Search code examples
rubyruby-on-rails-4sidekiq

Finish sidekiq queues much quicker


I reached a point now, where is taking to long for a queue to finish, because new jobs are added to that queue. What are the best options to overcome this problem.

I already use 50 processors, but I noticed that if I open more, it will take longer for jobs to finish.

My setup: nginx, unicorn, ruby-on-rails 4, postgresql

Thank you


Solution

  • You need to measure where you are constrained by resources.

    If you're seeing things slow down as you add more workers you're likely blocked by your database server. Have you upgraded your Redis server to handle this amount of load? Where are you storing the scraped data to? Can that system handle the increased write load?
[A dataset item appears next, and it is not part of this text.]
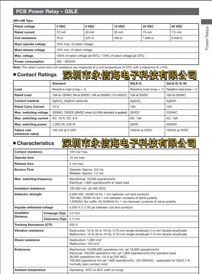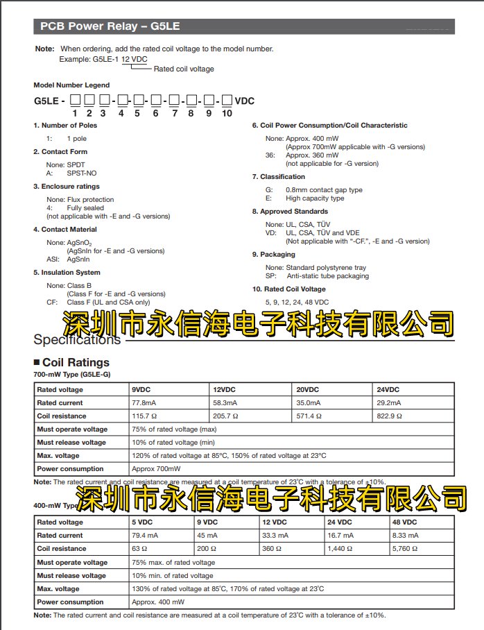 Omron G5LE 系列单极立方体型功率继电器,是多种应用的理想之选,如家用电器、办公设备、自动售货机等。线圈电压 24Vdc,额定触点电流 10 A,线圈电阻 1.44 kΩ。

    If you were blocked on CPU or I/O, you should see the amount of work through the system scale linearly as you add more workers. Since you're seeing things slow down when you scale out, you should measure where your problem is. I'd recommend instrumenting NewRelic for your worker processes and measuring where the time is being spent.

    My guess would be that your Redis instance can't handle the load to manage the work queue with 50 worker processes.

    EDIT Based on your comment, it sounds like you're entirely I/O Bound doing web scraping. In that case, you should be increasing the concurrency option for each Sidekiq worker using the -c option to spawn more threads. Having more threads will allow you to continue processing scraping jobs even when scrapers are blocked on network I/O.